The stop I got off at, Friedrichstrasse, was not across the street. Doh! A kind German man directed me away from the hotel until we got to a street sign that indicated the hotel was in the other direction. He was nice and I found the hotel!

The hotel is nice but the internet connection in the rooms is madness! €10/day!

I met a Gentoo colleague for dinner (He's also attending railsconf) to see a friendly face. I was paniccing earlier since I don't speak German and was homesick and, and, and... I'm okay now. ;-)

When I met him in the hotel lobby there was a group of congoers having a nice chat and they were still there when we got back past 23:00. We/I didn't join in since I'm tired, I've had a long day travelling and I want to settle in for a good night's sleep before the giant frenzy that's coming.

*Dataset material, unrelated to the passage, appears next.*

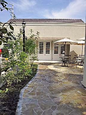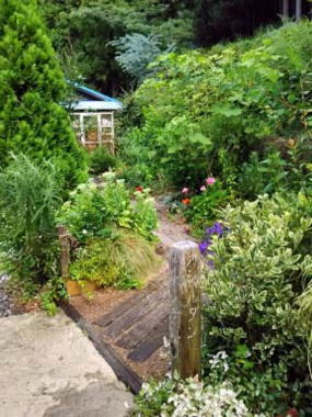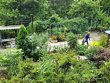 春には花盛りだった庭も木がのびて 濃い緑の庭に |

Registration begins at 07:00 and the first tutorial session begins a 08:30. As I type this the time is currently 23:35 - I seem to still be on UK time as I'm not very sleepy. I'll have a lay down and see if I fall asleep.

September 13, 2007

Getting ready for RailsConf Europe 2007

Filed under: RailsConfEurope, RailsConfEurope07 — Lisa Seelye @ 9:17 pm

Excuse the obnoxious tags (what's wrong with my 'railsconf' tag?) but in the nice newsletter I got they said to use these ones. Oh well. I do as I'm told.

Railsconf is just around the corner. I'm just getting myself ready to go. Tomorrow is my last day at work until October 1 so I'll have next week to take in Railsconf and a visit to friend in Canada (and recover from jet lag) before having to be back at work.

I've got my macbook all ready for my holiday: It's got rails project on it, postgresql installed, textmate, data for my project, source for Reve and other useful things.

Saturday will be last minute shopping and packing of suitcase and Sunday will be transit day!

I'm planning to attend all three days of Railsconf (giving Bratwurst on Rails a miss due to scheduling and the fact that I don't drink alcohol). I will attend the refactoring tutorial session as well as the Flex and Rails session.

It'll be interesting to see how they (Aslak Hellesøy and Børre Wessel) accomplish Flex integration. I can't wait to see how they deal with HTTPService's inherent stupidity and failure to comprehend HTTP Status codes. WebORB integration should be interesting.

September 9, 2007

Yielding to Subversion

Filed under: subversion — Lisa Seelye @ 9:22 am

I failed in my svn migration. I kept getting checksum mismatches. Oh well.

I've admitted defeat and decided to just create a fresh blank repository and svn import my code.

Let this be a lesson: Use a proper SVN repository from the start and headaches will be avoided!